Do this for her: blindfold her and tie her hands to the bedposts. Then go down on that muffin like a wild dog on a porkchop until she begs for mercy twice. TWICE.

Thank me later as ye'll be gettin all yer meals cooked and yer lil' soldier saluted for the next month.


----------



## LeanHerm (Jun 27, 2016)

No muff  too tuff.  I love licking pussy. I eat that shit like some shrimp fried rice.  

Drink some bourbon loos, and lick it you pussy.


----------



## gymrat827 (Jun 27, 2016)

LeanHerm said:


> No muff  too tuff.  I love licking pussy. I eat that shit like some shrimp fried rice.
> 
> Drink some bourbon loos, and lick it you pussy.



X2x.  

Scotch 
Crown royal or whatever and goto work.  

I find they work harder on u when u do too.


----------



## DieYoungStrong (Jun 27, 2016)

My wife looks like Newt Gingrich but her pussy tastes like red starbursts so it evens out.


----------



## Bro Bundy (Jun 27, 2016)

Find a girl whos pussy doesnt stink or taste metallic ...Im sure they are out there


----------



## Bro Bundy (Jun 27, 2016)

I understand though loosie some pussy just is fukkin gross...Learn to wash your box ladies


----------



## Dex (Jun 27, 2016)

If it is tasting like metal then it could be from menses. I enjoy my wife and haven't worried about that in years since the IUD was placed. It shouldn't have a taste nor much of an odor if it is clean and pH level is normal.


----------



## stonetag (Jun 27, 2016)

Clean pussy diving is one of the good things about being a man.


----------



## Jada (Jun 27, 2016)

ECKSRATED said:


> Jada can't bang doggy. Loose doesn't like pussy.  Fruity likes cock. We need a sex ed section at ugbb. Lol



Hey wait a minute!  I know I don't do doggy YET... but I toss  salad and eat that NANA!!!!!!!!


----------



## BigGameHunter (Jun 27, 2016)

Well Loosie you got to eat through the bad to get to the good.

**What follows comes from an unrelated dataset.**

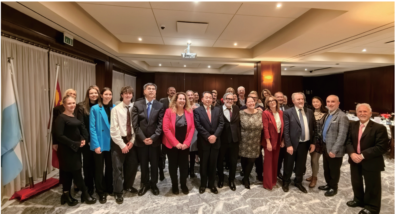
Chinese visitors and foreign friends pose for a group photo.

The delegation also met with Andrea Belluzzi, Minister of Education and Culture of San Marino, and Dario Galassi, non-resident ambassador of San Marino to China, visited the Confucius Institute of San Marino, and presented exhibits to the San Marino Museum of Chinese Art. ■

Just work though it.  Do your ABCs in cursive and its clean.  BOOM!


----------



## ECKSRATED (Jun 27, 2016)

I'm seriously shocked that some guys don't like eating pussy. I ****ing love it. My wife has to tell me to stop and fukk her cus I'll stay down there all night.


----------



## losieloos (Jun 27, 2016)

She's coming over in an hour. Working on my abc with my tounge


----------



## ECKSRATED (Jun 27, 2016)

losieloos said:


> She's coming over in an hour. Working on my abc with my tounge



Tell her to hold her clit out and go to town while u hold her ass in both hands. She'll love it!!!


----------



## GuerillaKilla (Jun 27, 2016)

Lay her flat on her back, put a pillow behind her tailbone to elevate her snizz, have her pull back her hood and expose her clit. Wrap a napkin around your neck, or a lobster bib, slide your hands under her and cup both buttcheeks, and start real slow and soft and work your way up to a decent speed. Know when to back off as well. 

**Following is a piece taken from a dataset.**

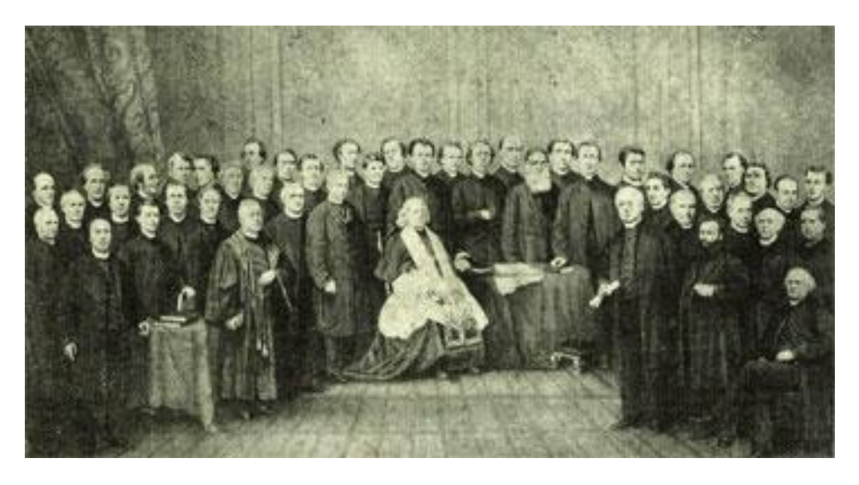
Archbishop Polding, Bishops Willson and Murphy, and other clergy (and laity?) at the 1<sup>st</sup> Australian Provincial Council, Sydney, 10-12 September 1844. There are 46 persons in the photo.

The Council drew up 48 decrees framed in two sections: 4 general and 44 specific. The general decrees urged the bishops to maintain a permanent bond of charity and unity, defend church institutions, and visit all parts of their diocese every two years; while the priests were urged to be mindful of their priestly office, strive for holiness, and provide good example to others. Six decrees focused exclusively on the discipline and life of priests, especially their prayer life, study, dress, recreation, annual retreat, frequent confession, and conferences. Other specific decrees dealt with the administration of the sacraments in general and individual sacraments, particularly Baptism, Mass and Eucharist, Penance and Matrimony (with much detail and strict record keeping). Other decrees addressed the 'Churching' of women, the reservation of sins, preaching and catechetical instruction, the erection and visitation of schools, devotional practices, a local liturgical calendar, the obligation of regular Mass 'pro popolo', and a register of deceased faithful.

Or be a man and eat that pussy from the back and tongue punch that shitpipe while you're back there. 

Honestly, I've turned my wife into a complete slut in the sack just because I can eat pussy from the front, back, top or bottom, and do it like I have a disease and the antidote is somewhere inside that gash. No joke, after going down on her well, most women will let you do ANYTHING you want to their bodies. 

It's a matter of pride for me to make that woman cum so hard she cramps up. 

If smell or taste is bothering you its probably from a girl that had an issue or was ragging. Eat a halls mentholyptus or spit some gummy bears into her twat and March those little ****ers out one by one. Frozen bears work good as well.


----------



## GuerillaKilla (Jun 27, 2016)

On a related note, keep track of how many bears you send into that warzone. 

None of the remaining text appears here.